In summary, there are a number of advantages to the suggested blockchain-based solution for intrusion detection and sensor network security. The accuracy of intrusion detection is improved by combining deep reinforcement learning with blockchain. Preprocessing the data guarantees consistency, while feature extraction and encryption help create strong security. But there are few significant drawbacks and restrictions. The computational intricacy of encryption with deep reinforcement learning could provide difficulties.

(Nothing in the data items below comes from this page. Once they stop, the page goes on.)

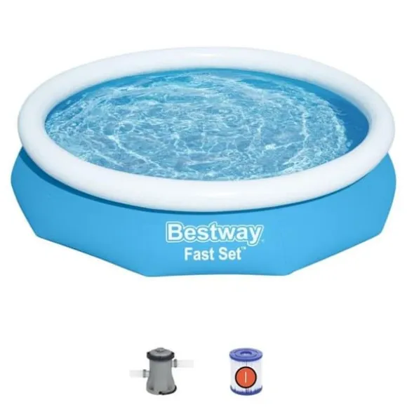 Lätt och snabbt att sätta upp, Bestway® Fast Set™ poolen låter dig slappna av vid din nya pool på nolltid. Den ultrasimpla installationsmetoden Fill & Rise™ ”fyllning-montering”: allt du behöver göra är att välja en plan yta, blåsa upp den övre ringen och poolen kommer att resa sig allt eftersom den fylls med vatten. Liner är tillverkad av DuraPlus™, ett extremt hållbart material som består av 3 förstärkta lager, 85 % mer motståndskraftigt mot punktering än PVC. När sommaren är över kan du snabbt och enkelt förvara poolen. Töm enkelt vattnet med den kontrollerade dräneringsventilen innan du viker ihop poolen för att förvara den under vintern. En filtreringspump med patron ingår också för att hålla vattnet rent. Den är perfekt för familjer som letar efter en snabb och enkel poollösning i trädgården. Barn kommer att älska att spendera sina sommardagar med att plaska och leka i vattnet, och föräldrar kan också njuta av en trevlig och avkopplande simtur. Sommaren är inte riktigt sommar utan Bestway® Fast Set™ poolen!
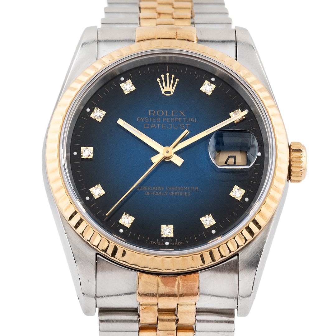 ROLEX AUTOMáTICO, CRISTAL DE ZAFIRO, FECHA, ESFERA DE DIAMANTE DEGRADE BLUE, REFERENCIA. 16233, NúMERO DE SERIE X513786, CAL 3135, PULSERA DE ANIVERSARIO ORIGINAL, 36 MM DE DIáMETRO, DEL AñO 94 CON DOCUMENTACIÓN
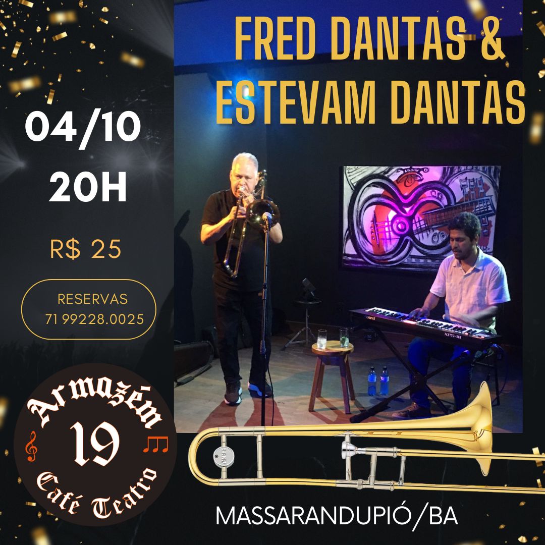 No dia 04/10 o Armazém 19 apresenta o maestro Fred Dantas, um dos maiores nomes da música na Bahia, instrumentista, compositor, arranjador e grande incentivador das orquestras filarmônicas, mais uma vez no trombone em dueto com o virtuoso pianista Estevam Dantas – professor, parceiro de inúmeros artistas e referência na cena musical baiana.
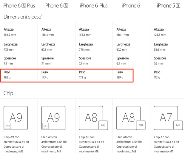 Chi ha avuto modo di toccare con mano i nuovi iPhone 6s al Keynote di Apple del 9 settembre sostiene che l’incremento di peso è davvero contenuto ma ciò nonostante risulta avvertibile: non comporta nessun problema nell’utilizzo quotidiano. Molti utenti potranno rendersene personalmente conto impugnando un nuovo iPhone 6s in una mano e il precedente iPhone 6 nell’altra. Si tratta di un incremento di peso nell’ordine del 10-11%: il nuovo iPhone 6s pesa 14 grammi in più del modello precedente, mentre iPhone 6s Plus pesa 20 grammi in più, così come chiaramente indicato nelle specifiche tecniche pubblicate da Apple.

The effectiveness of the system may also be influenced by the network configuration and datasets chosen. Taking these aspects into account carefully, it is necessary to ensure optimal performance. Subsequent investigations can be developed for optimisation strategies to tackle computational complexities and assess the system in various network scenarios. Furthermore, there is still room to explore how to make the suggested model more flexible and scalable to various intrusion circumstances in cybersecurity domain.